____ Material to process
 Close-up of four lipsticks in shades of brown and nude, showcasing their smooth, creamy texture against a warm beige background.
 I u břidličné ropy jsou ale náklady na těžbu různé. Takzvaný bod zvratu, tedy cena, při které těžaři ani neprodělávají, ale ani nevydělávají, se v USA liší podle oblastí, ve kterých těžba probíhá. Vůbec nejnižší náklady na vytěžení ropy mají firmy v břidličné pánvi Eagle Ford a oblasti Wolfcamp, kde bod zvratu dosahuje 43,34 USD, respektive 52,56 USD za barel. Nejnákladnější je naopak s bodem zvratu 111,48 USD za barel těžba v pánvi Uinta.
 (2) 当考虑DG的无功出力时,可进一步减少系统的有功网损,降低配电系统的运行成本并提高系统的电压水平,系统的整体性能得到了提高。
________
____ Material to process
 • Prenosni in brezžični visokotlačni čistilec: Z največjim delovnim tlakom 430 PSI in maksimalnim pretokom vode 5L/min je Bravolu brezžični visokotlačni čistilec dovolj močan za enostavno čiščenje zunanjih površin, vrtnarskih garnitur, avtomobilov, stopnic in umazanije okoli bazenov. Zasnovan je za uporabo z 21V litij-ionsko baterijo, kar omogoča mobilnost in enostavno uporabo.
________
____ Material to process
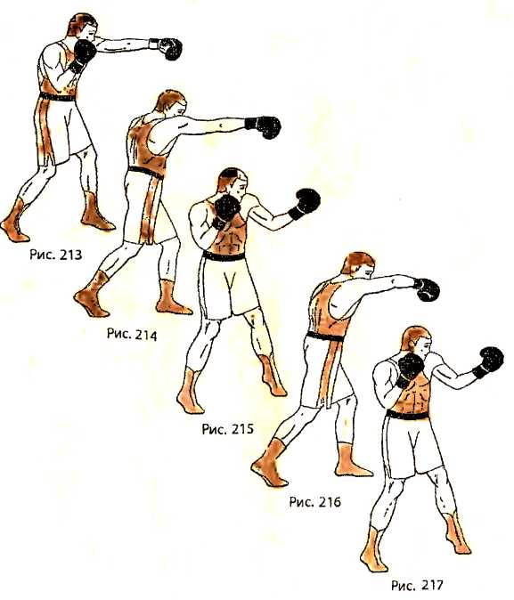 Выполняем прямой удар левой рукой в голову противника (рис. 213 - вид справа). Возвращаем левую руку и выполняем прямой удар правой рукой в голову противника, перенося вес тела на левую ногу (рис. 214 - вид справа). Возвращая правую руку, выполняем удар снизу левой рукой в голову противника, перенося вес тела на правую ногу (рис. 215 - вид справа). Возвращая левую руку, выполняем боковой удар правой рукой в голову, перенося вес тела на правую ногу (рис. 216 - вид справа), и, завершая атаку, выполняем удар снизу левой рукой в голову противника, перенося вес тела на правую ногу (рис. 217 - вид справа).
________
Go back to the listing above. Copy word for word the lines from the one with "I u břidličné" through the one with "(2) 当考虑DG的无功出力", and nothing more.

• _Solution to this problem_
 I u břidličné ropy jsou ale náklady na těžbu různé. Takzvaný bod zvratu, tedy cena, při které těžaři ani neprodělávají, ale ani nevydělávají, se v USA liší podle oblastí, ve kterých těžba probíhá. Vůbec nejnižší náklady na vytěžení ropy mají firmy v břidličné pánvi Eagle Ford a oblasti Wolfcamp, kde bod zvratu dosahuje 43,34 USD, respektive 52,56 USD za barel. Nejnákladnější je naopak s bodem zvratu 111,48 USD za barel těžba v pánvi Uinta.
 (2) 当考虑DG的无功出力时,可进一步减少系统的有功网损,降低配电系统的运行成本并提高系统的电压水平,系统的整体性能得到了提高。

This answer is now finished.